Rosa × caviniacensis

Scientific classification
- Kingdom: Plantae
- Clade: Embryophytes
- Clade: Tracheophytes
- Clade: Spermatophytes
- Clade: Angiosperms
- Clade: Eudicots
- Clade: Rosids
- Order: Rosales
- Family: Rosaceae
- Genus: Rosa
- Species: R. × caviniacensis
- Binomial name: Rosa × caviniacensis Ozanon
- Synonyms: Rosa pimpinellifolia subsp. caviniacensis (Ozanon) Malag. ; Rosa pimpinellifolia var. caviniacensis (Ozanon) Malag. ; Rosa × cavinianensis Ozanon ;

= Rosa × caviniacensis =

- Genus: Rosa
- Species: × caviniacensis
- Authority: Ozanon

Species of flowering plant

Rosa × caviniacensis is a hybrid species of flowering plant in the family Rosaceae. It belongs to the genus Rosa and grows as a shrub in temperate environments. The hybrid is native to Spain and France.

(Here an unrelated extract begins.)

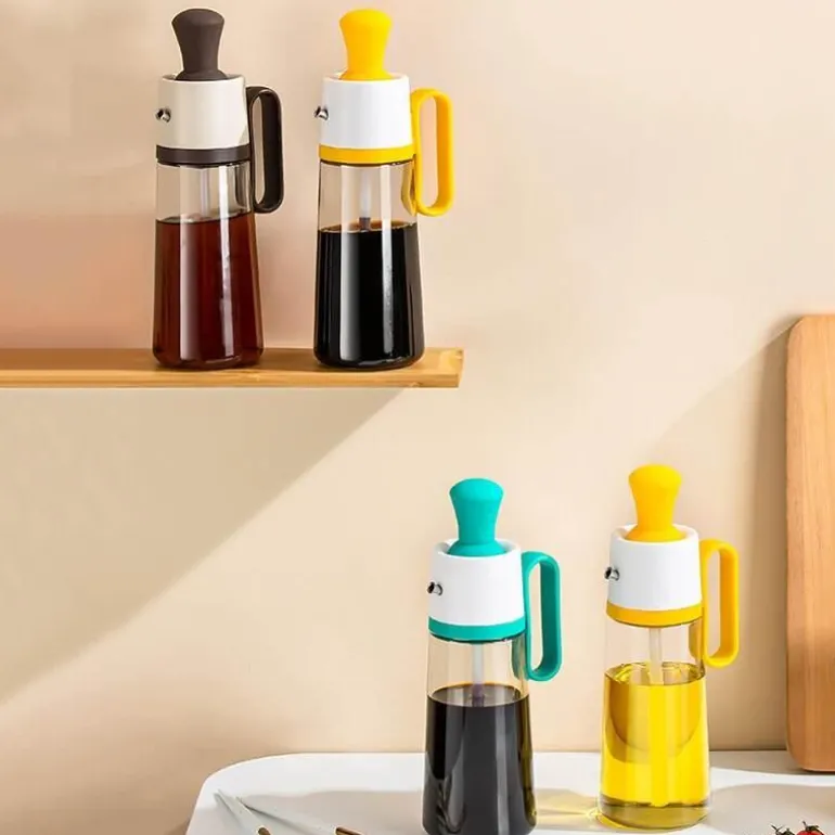 Jede Ölspenderflasche verfügt über einen auslaufsicheren Silikondichtring am Deckel. Dieser sorgt für einen sicheren, luftdichten Verschluss und verhindert, dass auslaufende Flüssigkeit, Staub und Feuchtigkeit die Frische Ihrer Gewürze beeinträchtigen. Das innovative Press-Design ermöglicht eine präzise Kontrolle der Ölabgabe. Drücken Sie einfach auf den Flaschendeckel, um die Dosierung anzupassen.
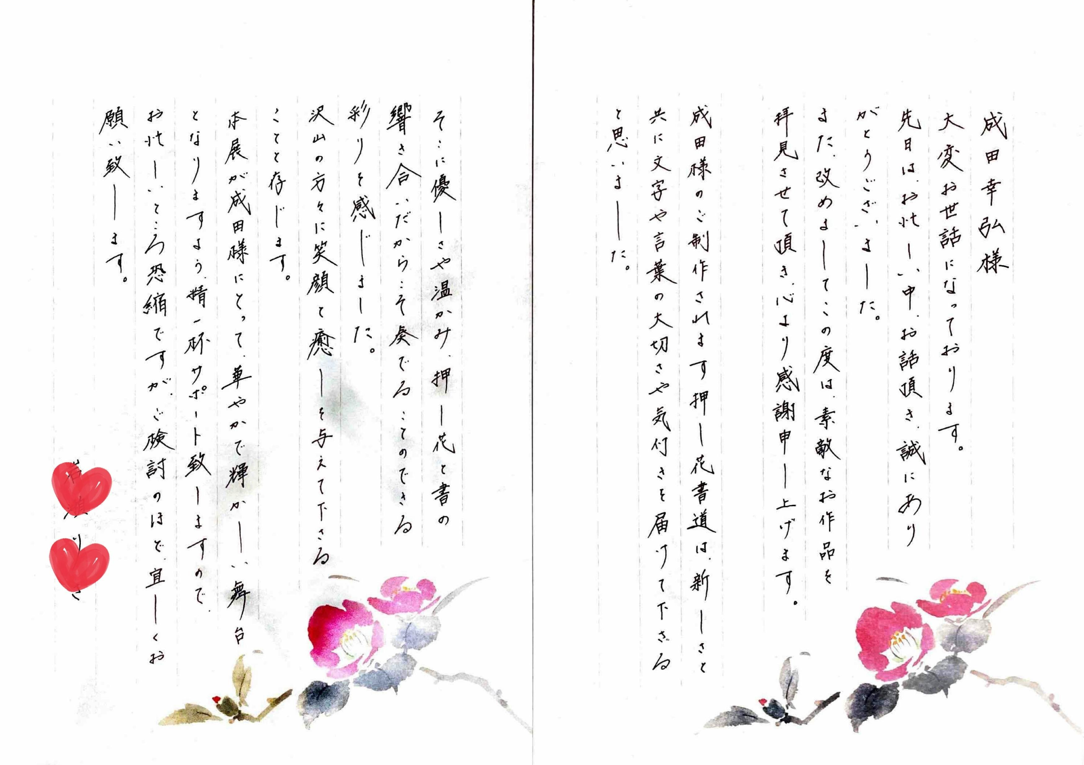 書道は固いイメージがあるけど、押し花書道のように柔らかくて親しみやすく観て下さった方々に「笑顔」と「癒し」を与えて下さる事に違いないと僕の背中を押してくれました。

Rosa × caviniacensis was first published in C. Magnier, Scrinia Florae Selectae 11:246 (1892) by the botanist Ozanon. This species has three accepted synonyms. These include one name published at the subspecies rank, one at the variety rank, and another published under a different varietal name.